Problem statement:
Look through the data below for the line with "The Okavango inland" and the line with "แพ็คคู่ D-nee ดีนี่", then transcribe exactly from the first through the second, leaving out all pictures.

Dataset section:

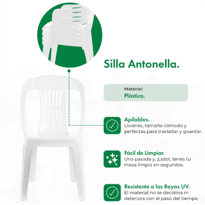 La principal ventaja de la silla Antonella es su capacidad **apilable**, lo que te permite organizar y almacenar múltiples unidades de forma eficiente, ahorrando un valioso espacio cuando no las utilizás. Esto la convierte en una elección insuperable para espacios reducidos, eventos o cualquier situación donde necesites flexibilidad en la disposición de los asientos, manteniendo siempre la estética y el orden.
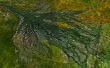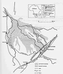 The Okavango inland delta, near Maun, receives an enormous amount of river inflow from Angola. Hence, the fan is so large and flat that it is rather called a delta. It takes six months for the peak inflow at the apex to reach the base of the delta.[4]
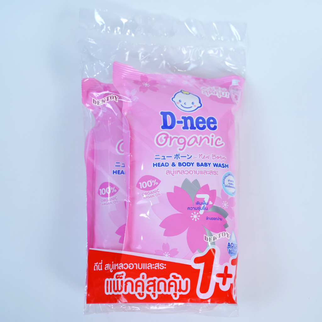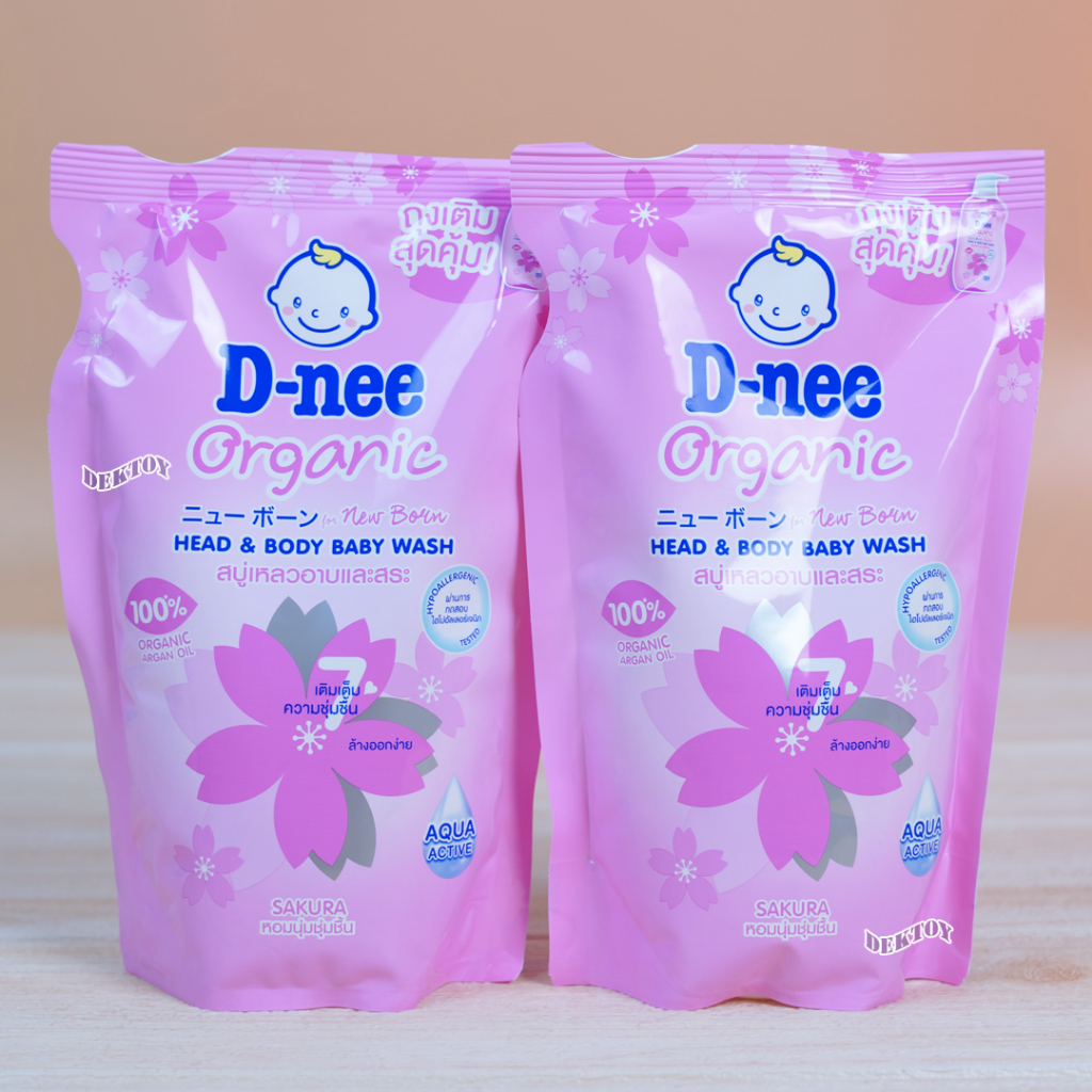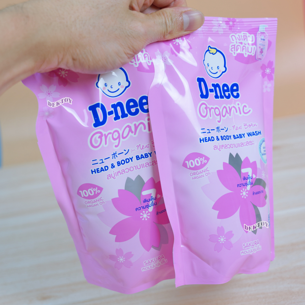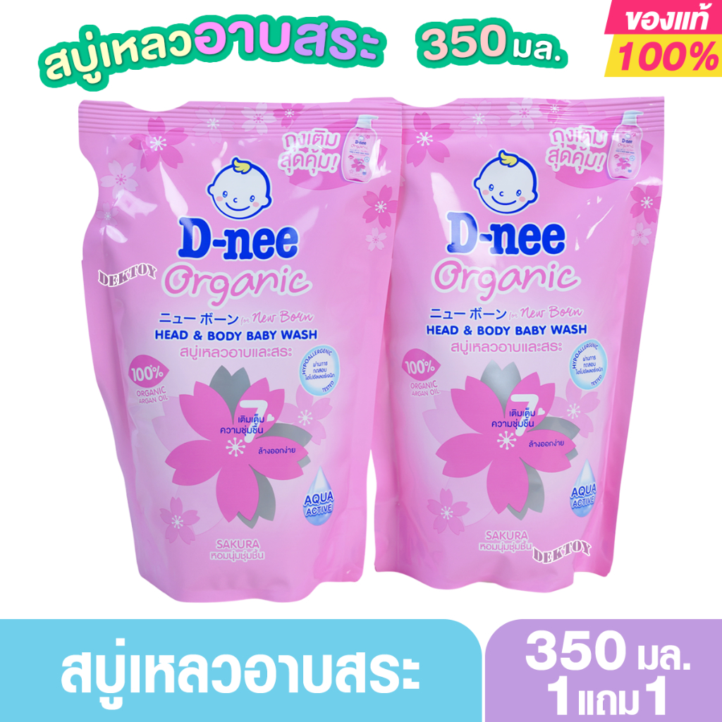แพ็คคู่ D-nee ดีนี่ ซากุระ ฟอร์นิวบอร์น สบู่และแชมพูอาบน้ำ 350 มล.ชมพู ถุงเติม
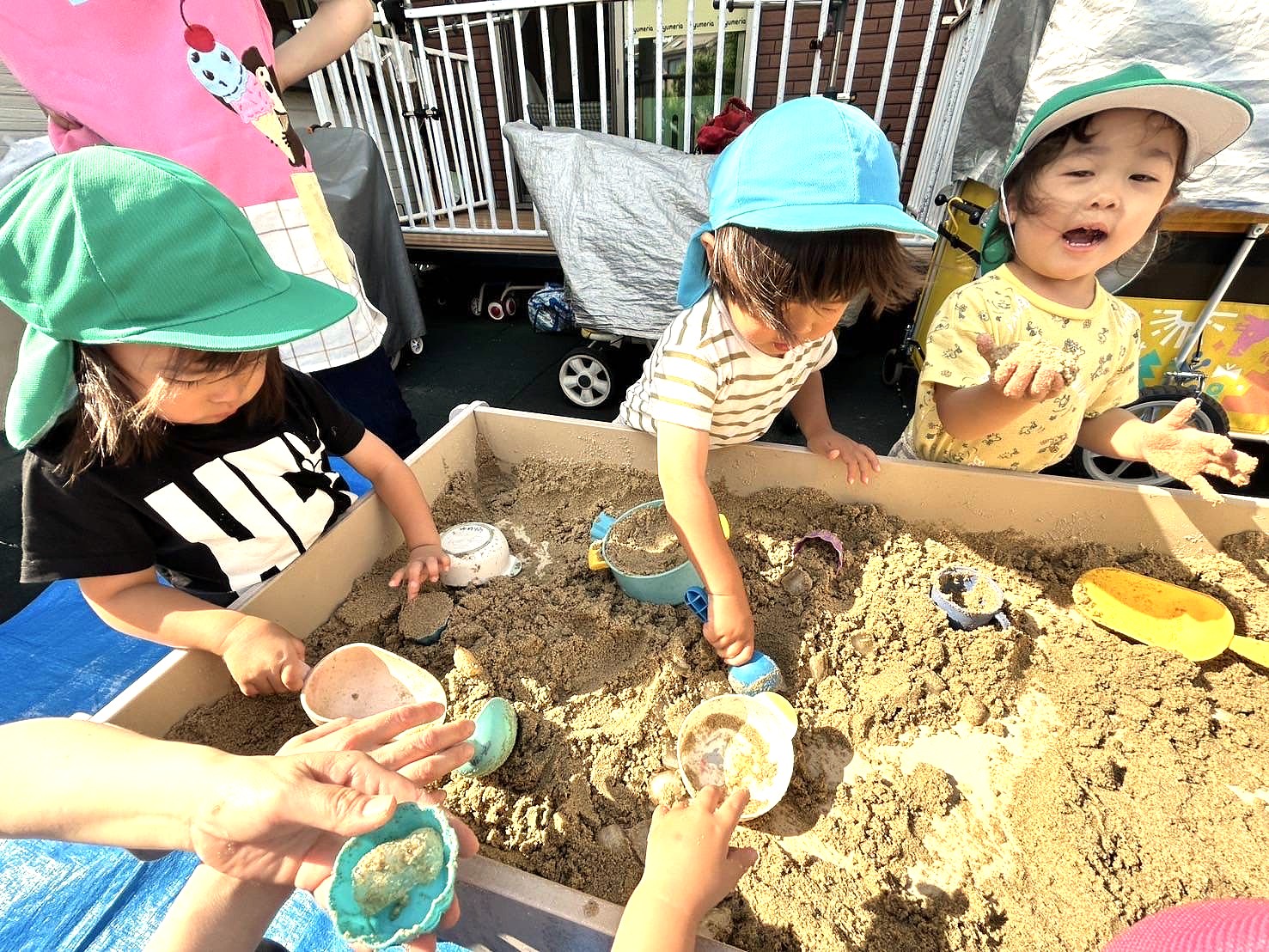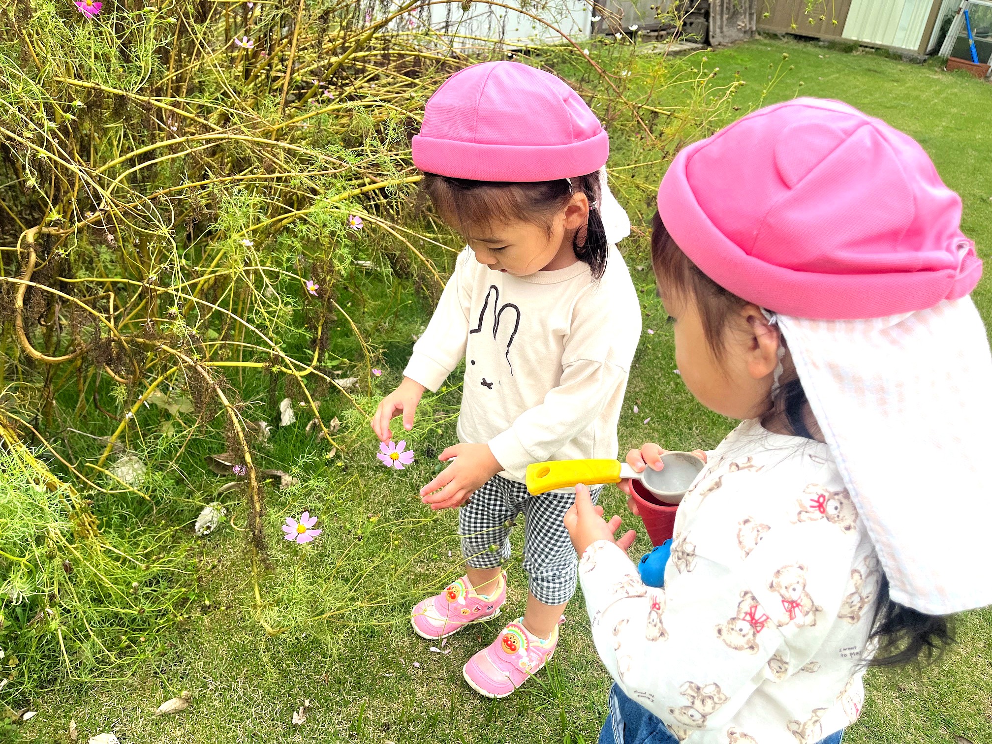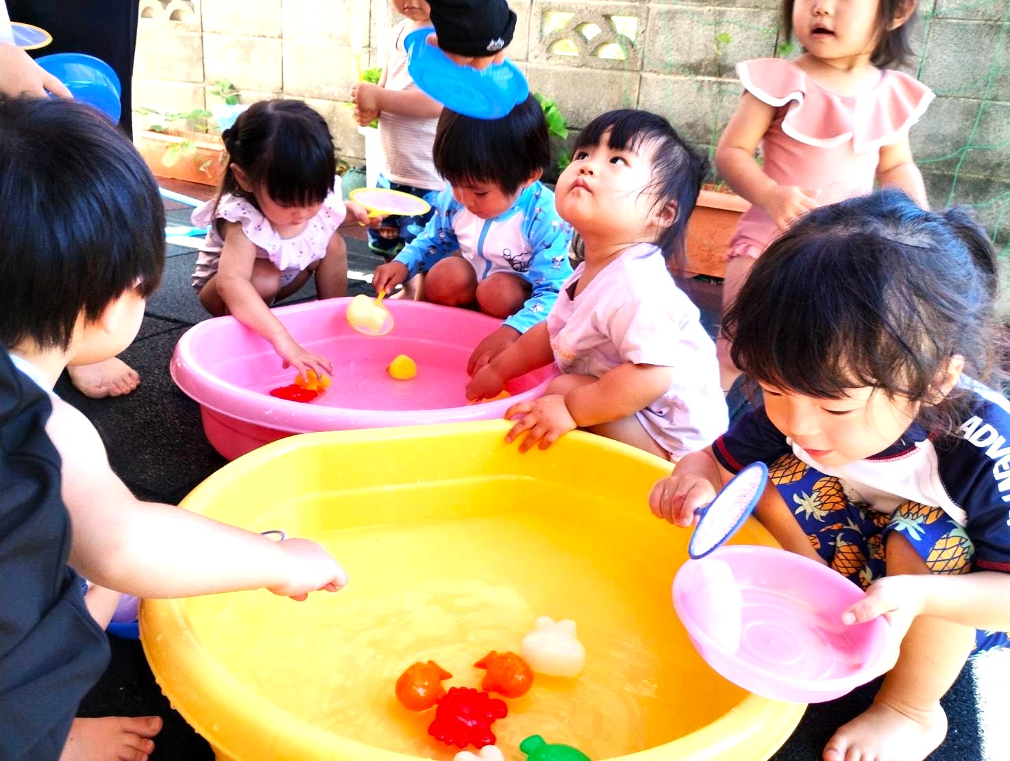 ゆめりあ保育園は小さなお庭が特徴の一軒家のような佇まい。このお庭は、夏にプール遊びの場所となり、夕暮れ時にもちょっとした遊び場となります。夏にプール遊びできる占有場所のあることが嬉しいし、夕方お迎えの遅いお子さんに気分転換できる時間を提供できることも嬉しい。玄関わきにあるこの小スペースが、長い一日を過ごす子どもたちの情緒の安定にひと役かっているのです。

Problem solution:
 The Okavango inland delta, near Maun, receives an enormous amount of river inflow from Angola. Hence, the fan is so large and flat that it is rather called a delta. It takes six months for the peak inflow at the apex to reach the base of the delta.[4]
แพ็คคู่ D-nee ดีนี่ ซากุระ ฟอร์นิวบอร์น สบู่และแชมพูอาบน้ำ 350 มล.ชมพู ถุงเติม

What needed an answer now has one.